Clinical Trial Summary

It has been demonstrated that sexual activity was common in the majority of men over 50 years old and was an important component of overall quality of life (QoL). Ejaculatory dysfunction (EjD) is the most common side effect of surgical treatment of benign prostatic obstruction (BPO). It has been considered for decades to be an inevitable consequence of restoring micturition comfort. EjD can have a substantial deleterious effect on the QoL of men with previously maintained regular sexual activity, inducing decreased orgasmic intensity and increased levels of anxiety and depression. A better understanding of the physiology of ejaculation has enabled the emergence of modified surgical techniques that aim to preserve antegrade ejaculation. Our hypothesis is that conservation of ejaculation can be achieved by modified surgical procedures without compromising functional outcomes.

Description:

The aim of this study is To compare the efficacy of partial trans urethral resection of the prostate versus conventional resection of the prostate in improvement of lower urinary tract symptoms related to benign prostatic hyperplasia at 6 months. The secondary objectives are to compare the impacts of partial prostatic endoscopic surgery versus conventional endoscopic surgery on ejaculatory function, lower urinary tract symptoms, Global sexual life, Urinary flow, complication related to the surgery and the rates of re-treatment.

Investigators use a non-inferiority comparative single blinded (patient) multicenter randomized clinical trial in two parallel groups (Conventional endoscopic prostatic surgery Vs Partial surgery preserving the prostatic apex.

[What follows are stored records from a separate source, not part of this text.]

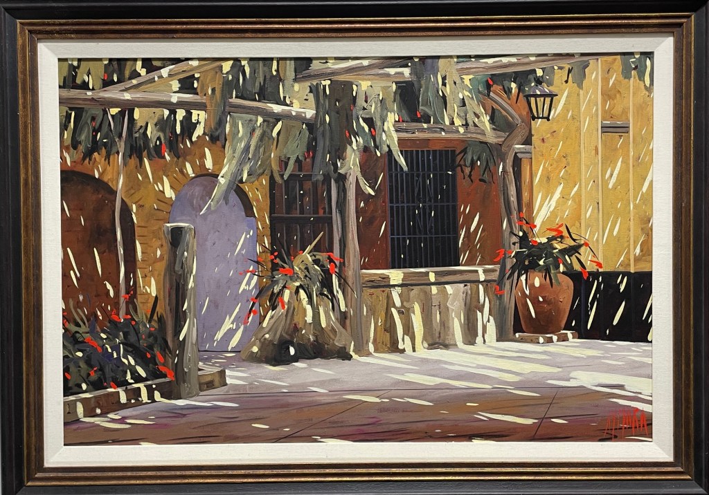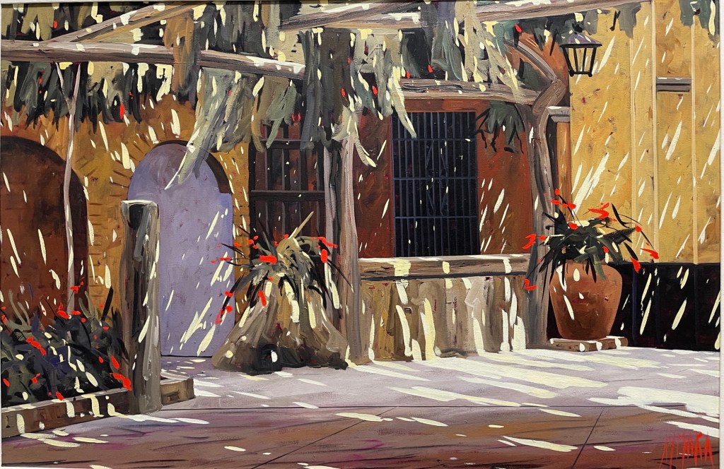 Sunlight spills through the trellis, casting dappled shadows across terracotta pots and golden walls. Aymara’s brushwork captures the hush of a quiet courtyard—where time slows, and every shadow tells a story.
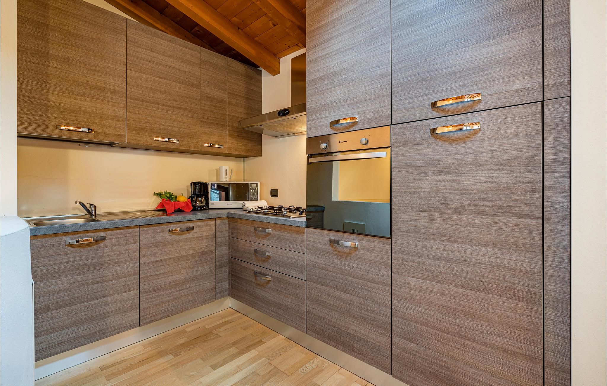 Denne fine lejlighed ligger på 2. sal i den lille landsby Toscolano Maderno på den vestlige bred af Gardasøen. Lejligheden er moderne og funktionelt indrettet, og det flotte træloft skaber en hyggelig atmosfære. Fra stuen kommer I til den herlige altan, hvor I kan begynde dagen med en lækker morgenmad eller læne jer tilbage med et glas vin om aftenen, mens I nyder udsigten til bjergene.
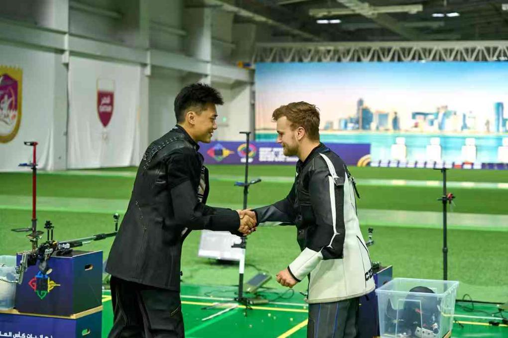 劉宇坤(左)與捷克選手普日夫拉茨基握手。圖片來自國際射聯(lián)官網(wǎng)

Recruitment information / eligibility

• Status: Recruiting
• Enrollment: 336
• Est. completion date: April 15, 2027
• Est. primary completion date: March 29, 2024
• Accepts healthy volunteers: No
• Gender: Male
• Age group: 40 Years and older

Eligibility

Inclusion Criteria:

• Man over 40 years old

• Indication of surgical management for BPH

• Prostate volume =30 cc and =100 cc as evaluated by ultrasonography

• IPSS score =12

• Qmax =15 ml/s

• Affiliated to French national social security system

• wish and be able to comply with planned visits

• Able to express his consent

• Signed informed consent form

Exclusion Criteria:

• Unwillingness to accept the treatment

• No pre-operative ejaculation or sexuality

• Neurological pathology responsible for micturition disorders

• History of prostatic surgery

• History of prostatic arterial embolisation

• Stenosis of the urethra

• History of prostate cancer

• History of radiotherapy or pelvic surgery

• Patient refusing the principle of partial surgery

• Life expectancy <3 years

• Inability to understand the informed consent document, to give consent voluntarily or to complete the study tasks.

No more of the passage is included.